__Problem to work on__
Exclude pictures and give again exactly the lines of the listing, beginning with its first line and ending with the one that contains "さっぱり、あっさり、お召し上".

__Exercise data__
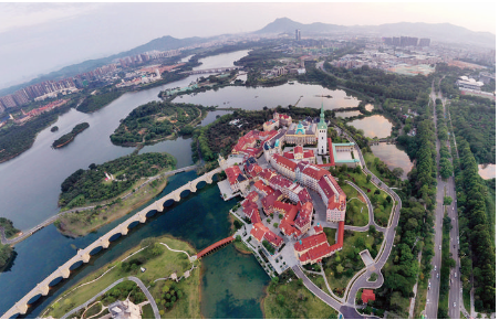 “東莞新八景”之首。8平方公里的松山湖,四周峰巒環(huán)抱,湖面煙波浩渺,湖鳥輕鳴,雨霽虹出時(shí)分,云蒸霞蔚。42公里的濱湖路曲徑通幽,路旁是綠意嫣然的荔枝林和各種果園,峰巒綠樹倒映湖底,波光煙雨青翠流蕩。
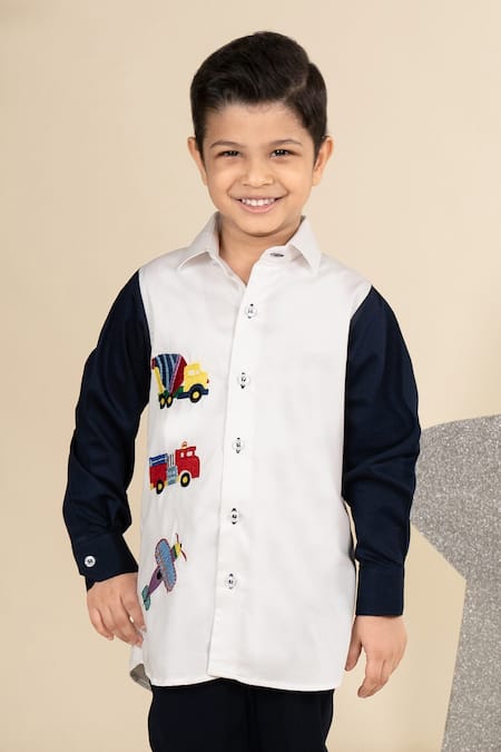 White shirt featuring resham embroidery in a transport pattern
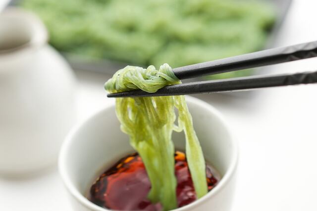 さっぱり、あっさり、お召し上がりいただける「まるな」特製のわかめ配合細づくりこんにゃく麺。つけダレは、だいだい、甘夏ベースの当店オリジナルの柑橘系ダレで。ヘルシーで罪悪感のない麺タイプこんにゃく。
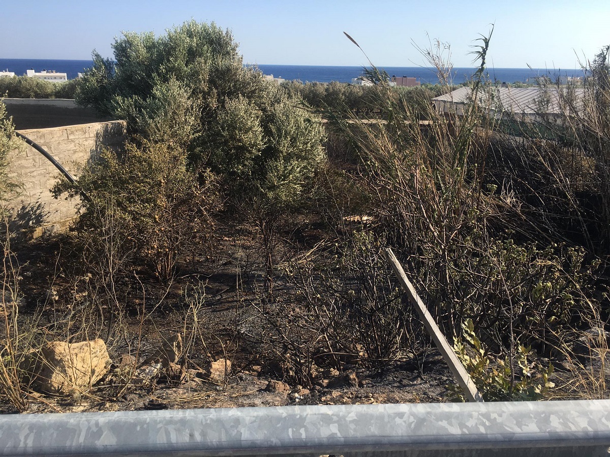 Σύμφωνα με πρώτες εκτιμήσεις κάηκαν 6 στρέμματα καλλιεργήσιμης γης ζημιές έχουμε και στις άκρες ενός θερμοκηπίου
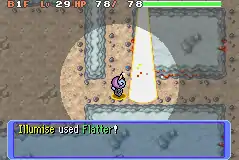 In Red Rescue Team and Blue Rescue Team, and Explorers of Time, Darkness and Sky, Flatter is a move with 17PP and 100% accuracy. It targets enemy in the front, causing it to be confused and increasing its Special Attack stat by two stages. This move is affected by Magic Coat, Taunt and the Muzzled status condition.
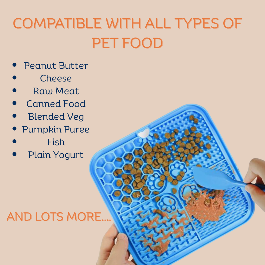 Whether you write on raw food, peanut butter, yogurt, or wet treats, the lick mat slows down feeding while providing sensory stimulation. Lick mats are freezer-friendly for refreshing summer treats and dishwasher-friendly for easy cleaning—ideal at mealtime, during grooming, and for crate training.
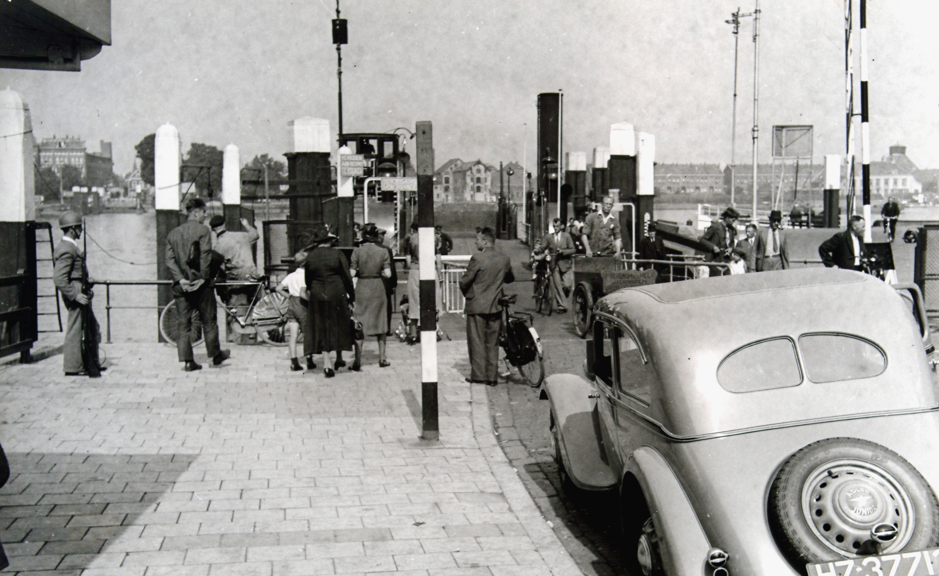 Voor mobilisatiedag. Burgerwacht aan het Zwijndrechtse veer.

__Written answer__
 “東莞新八景”之首。8平方公里的松山湖,四周峰巒環(huán)抱,湖面煙波浩渺,湖鳥輕鳴,雨霽虹出時(shí)分,云蒸霞蔚。42公里的濱湖路曲徑通幽,路旁是綠意嫣然的荔枝林和各種果園,峰巒綠樹倒映湖底,波光煙雨青翠流蕩。
 White shirt featuring resham embroidery in a transport pattern
 さっぱり、あっさり、お召し上がりいただける「まるな」特製のわかめ配合細づくりこんにゃく麺。つけダレは、だいだい、甘夏ベースの当店オリジナルの柑橘系ダレで。ヘルシーで罪悪感のない麺タイプこんにゃく。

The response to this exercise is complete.